# Pandas


Pandas (Python Data Analysis Library) is a swiss-army knife module that you'll find at the top of a huge proportion of notebooks. It's popular enough to deserve its own import idiom...

In [None]:
import pandas as pd

To get a quick idea of the scope of pandas take a look at the autocomplete for pd.<TAB>

In [None]:
pd.api

The fundamental objects in pandas are the `Series` and the `DataFrame`. Together they encapsulate how you will normally ingest, clean, manipulate and even visualize external data sources.  Most of this module will use methods on these objects so we'll take a quick tour of the concepts they implement, and the idea of an Index.

## Series

The pandas `Series` object is basically a one dimensional indexed array. Schamatically, they look like

| Index | Value |
|-------|-------|
|   0   |  0.12 |
|   1   |  0.24 |
|   2   |  0.36 |
|   3   |  0.48 |


Where there are two columns: an index and a value. Most of the time the index values are distinct (not a firm requirement though!) but they don't have to be integers. Any hashable type will do

In [None]:
s1 = pd.Series({'one' : 1.0, 'two': 2.0, 'three': 3.0})
s1

One particularly common option is to use a timestamp as the index (don't worry about the syntax here, we'll come back to timeseries later)...

In [None]:
dti = pd.date_range('2020-06-03', periods=3, freq='H')
pd.Series(['first', 'second', 'third'], index=dti)

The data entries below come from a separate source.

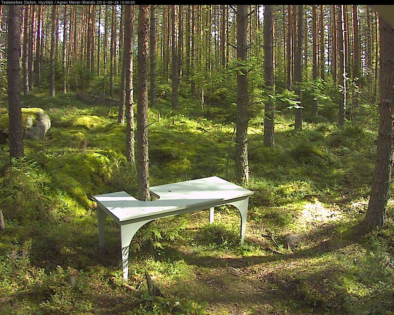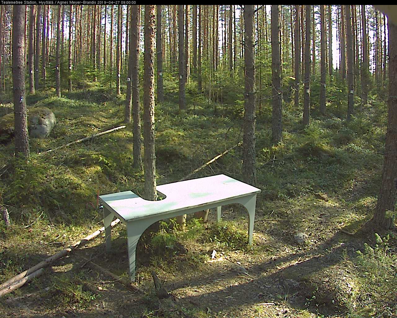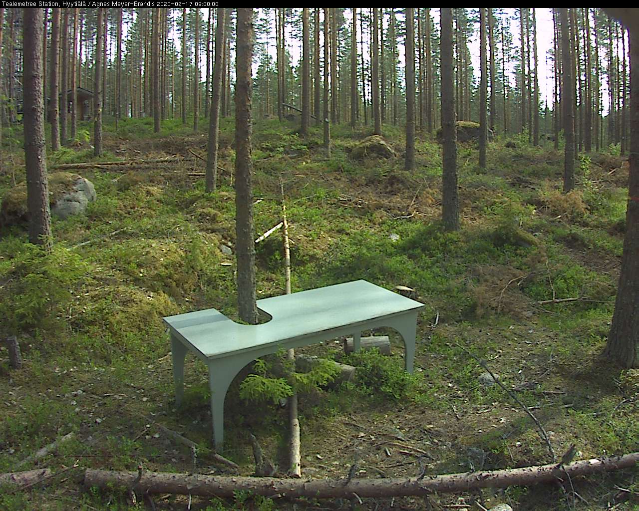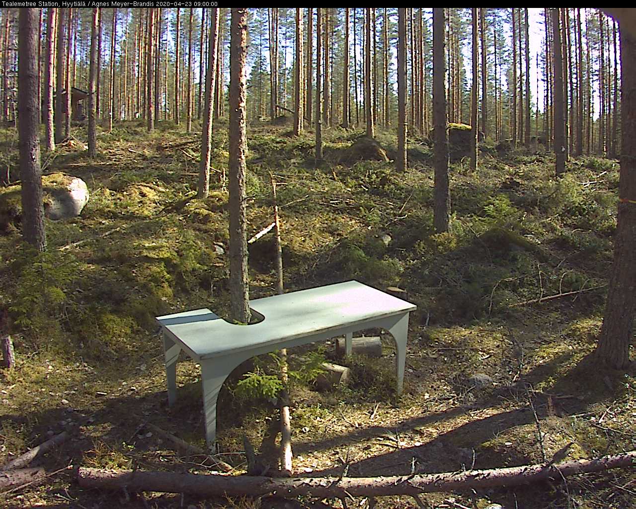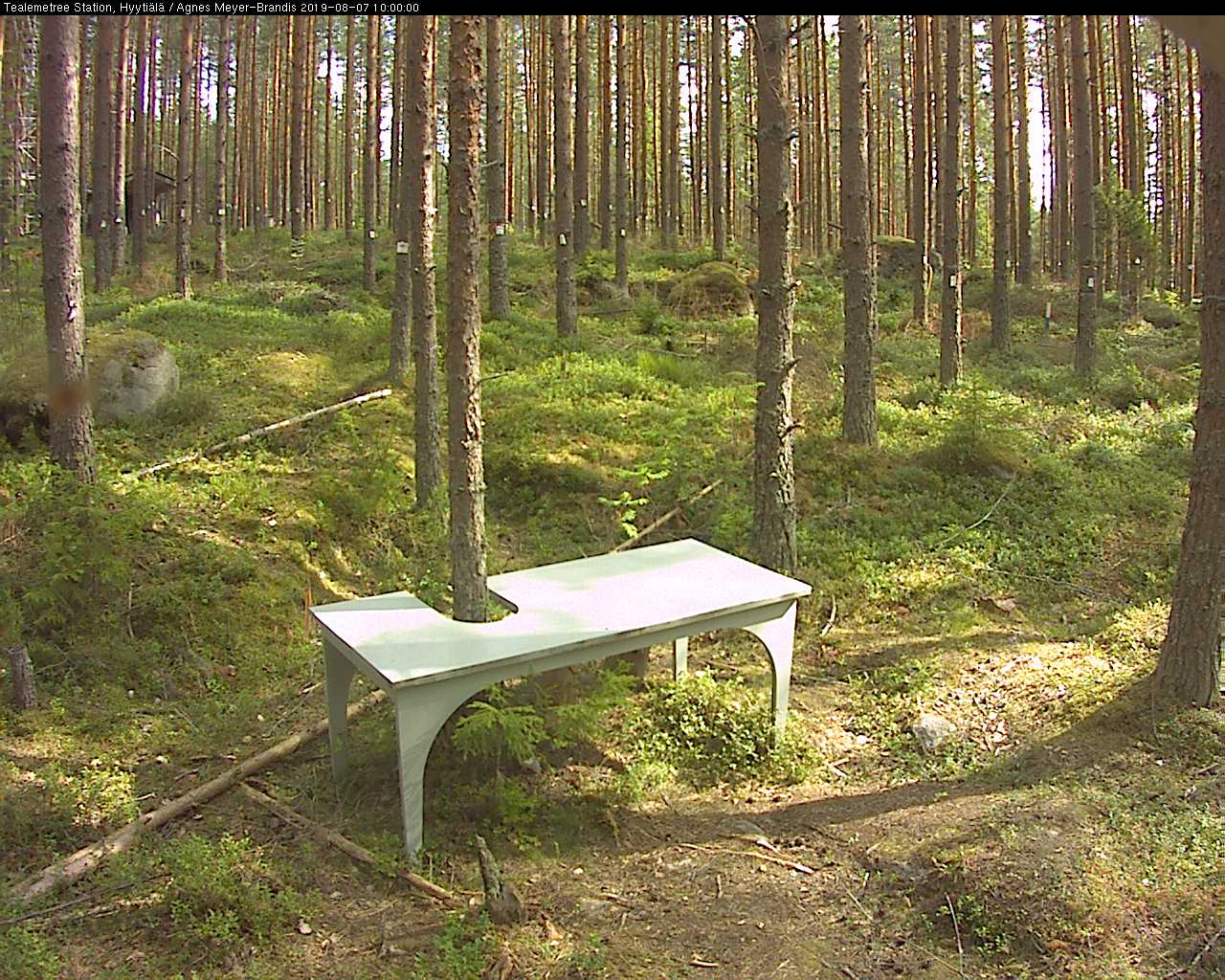 Agnes Meyer-Brandiksen työ Hyytiälässä alkoi tutustumalla aseman muihin tutkijoihin. Pystyäkseen tapaamaan ihmisiä metsässä, hän rakensi pöydän, josta muodostui kohtauspiste ja paikka teehetkille Agneksen ja puun kanssa.
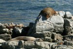 Weiter entlang der Ostküste besuchten wir noch eine Seehundkolonie und deren „Kindergarten“. In den bergigen Wäldern an der Küste bilden sich Wasserfälle und Flussläufe die ins Meer münden. Wenn die Mütter im Meer nach Nahrung suchen vertreiben sich die Jungen hier liebevoll „pups -junge Hunde“ genannt, die Zeit mit herumtollen und spielen in den Bachläufen. Dabei überwinden sie mehrere Pools und Felsen und einige kommen sogar bis zum Wasserfall. Hier verbringen sie geschützt ihre Kindertage und wandern nur zum Milch trinken zurück zur Mutter an die Küste.
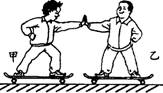 质量相等的甲、乙两同学站在滑板上,在旱冰场上相对而立,如果甲用60N的力推乙,如图所示。以下分析正确的是( )
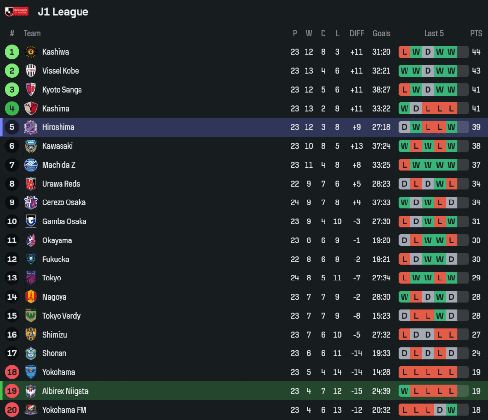 ศึกเจลีกเดือด! อัลบิเร็กซ์ นิงาตะ วัดคม ซานเฟรซเซ่ ฮิโรชิม่า เกมนี้ใครอยู่ใครไป
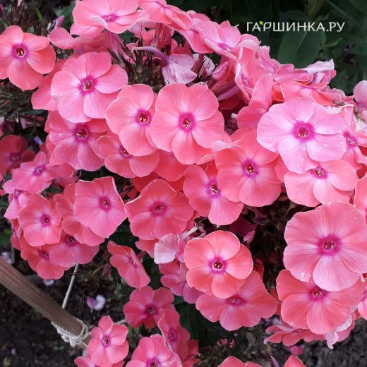 Флокс Лариса - Лососевого цвета с двойным фиолетово-белым кольцом в середине. Соцветие плотное, округло-коническое. Высота взрослого растения 60 см. Цветки в диаметре до 4 см. Срок цветения ранний.
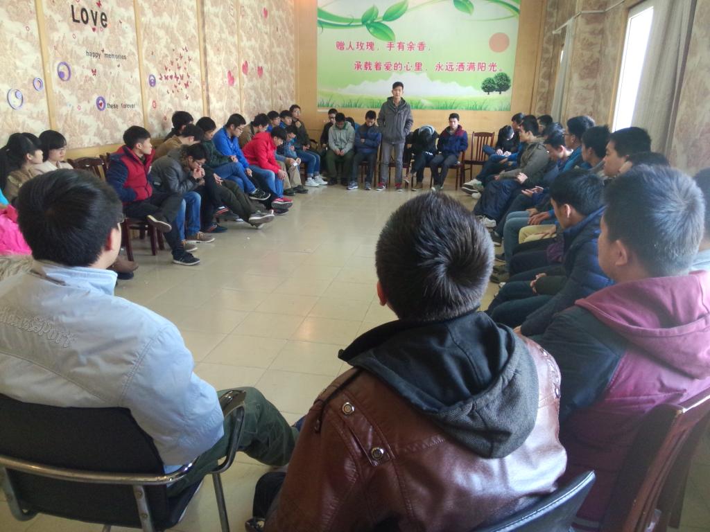 心理会议室举行,50名同学围坐在一起举行德育中期答辩座谈会。
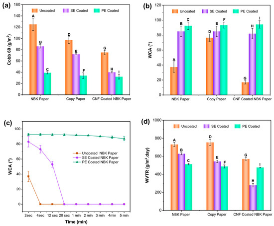Comparison of water and water vapor barrier performance for uncoated, SE-coated, and PE-coated NBK, copy, and CNF-coated NBK papers: (a) Cobb 60 liquid water absorptiveness, (b) WCA, (c) Temporal evolution of the WCA, and (d) WVTR. All coated samples had an emulsion coat weight of 5 g/m2. Uncoated and coated samples within each paper type were compared using pairwise statistical analysis. Different letters (A–I) indicate significant statistical differences by Tukey’s test (p < 0.05).

The next thing to notice is that the values all have the same type (`dtype: float64` in this case). `pandas` can make `Series` of almost any type as long as all the rows share the same type, but it will try to pick the most efficient implementation (`numpy` `ndarrays` for numeric types). It can fall back to a generic `object` type if all else fails but it really pays (in speed) to keep an eye on the `dtype` and make it a `numpy` type if possible.

In [None]:
s2 = pd.Series(['one', 2, 'three'])
s2

### Making `Series`

You'll probably find that you are making `DataFrames` more often than `Series`, but lots of operations in `panadas` return Series or want them as an argument so it's good to know how to build them.

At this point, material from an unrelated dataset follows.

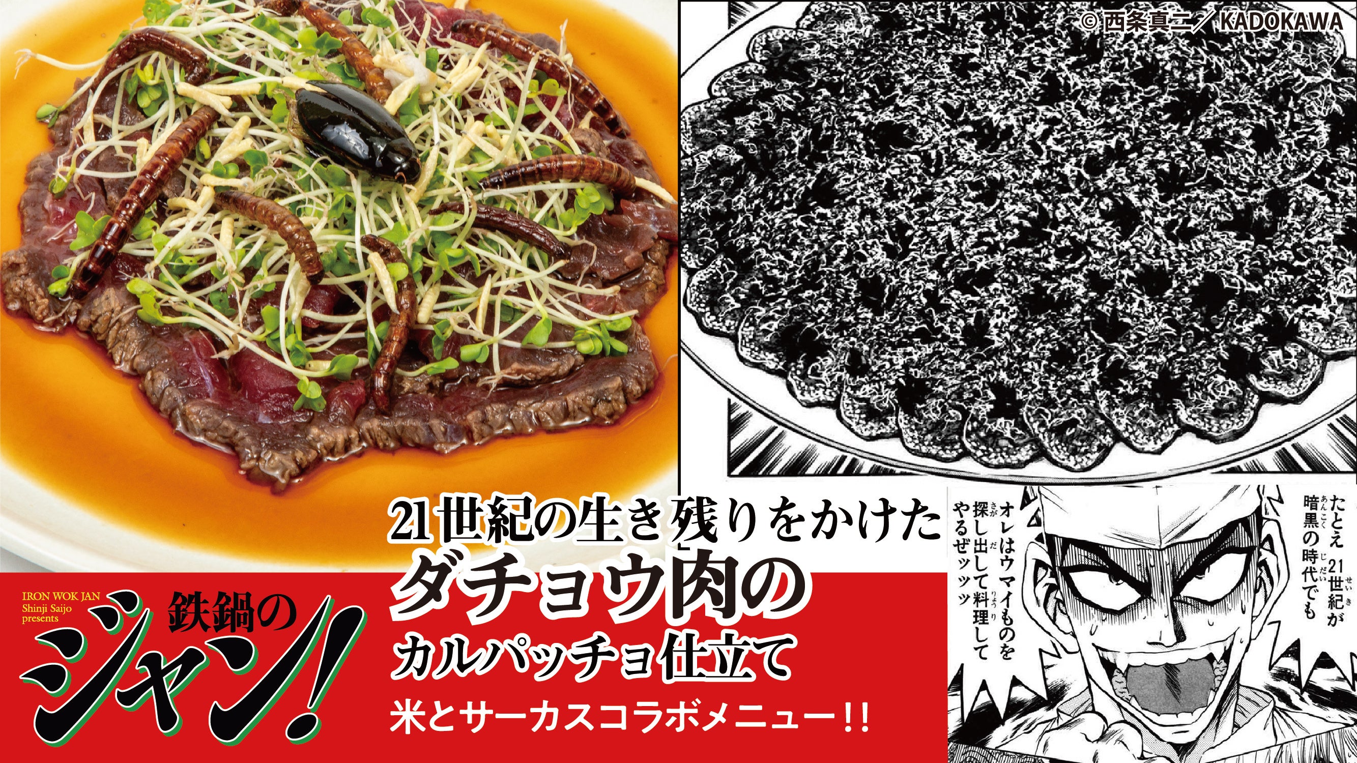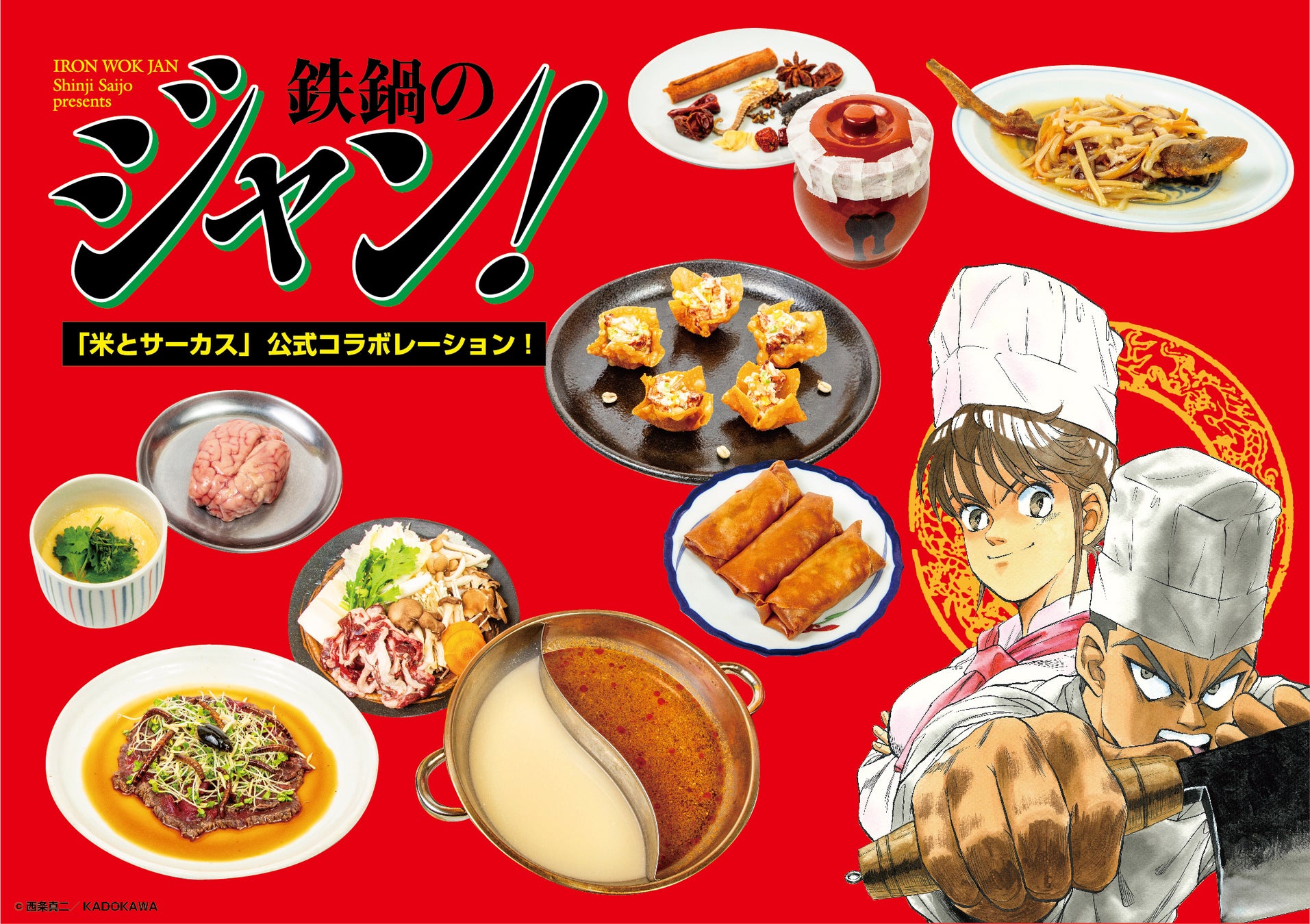 累計発行部数800万部の料理バトル漫画「鉄鍋のジャン!」×ジビエ居酒屋「米とサーカス」がコラボレーション! 11月1日より「ダチョウカルパッチョ」「ハクビシン地獄鍋」「脳みそ茶碗蒸し」など7品を再現。

Like `numpy` `ndarray`s a sequence will work, it'll get the default ascending integer index

In [None]:
sf = pd.Series([1.0, 2.0, 3.0, 4.0, 5.0])
sf

In [None]:
si = pd.Series(range(5))
si

The `__repr__` includes the values we set along with the type of object we have stored (the values). As I mentioned, this is one of the attributes of a Series

In [None]:
si.dtype

So far, this looks a lot like a numpy array (or even just a list), but we can switch the indexing to suit our needs, by explicitly passing the `index=` arguement

In [None]:
sm = pd.Series([1., 2., 3., 4., 5.], index=['one', 'two', 'three', 'four', 'five'])
sm

### Indexing and Slicing

In [None]:
sm['three']

Now the series is starting to look more like a dictionary, in fact, that's a pretty good way to construct series

In [None]:
sn = pd.Series({'one': 1, 'three': 3, 'two': 2, 'four': 4, 'five': 5})
sn

When you look closely though, a Series has a few tricks that a dictionary doesn't...

In [None]:
sn['three':'four']

N.B. label based indexes are _inclusive_ of the `stop` value. This is different from most other indexes you'll see in python, but this can cause a little confusion. Basically it boils down to the idea that there isn't always a natural "next" object in a hash (notice that the rows aren't sorted beyond what we specified manually in the index).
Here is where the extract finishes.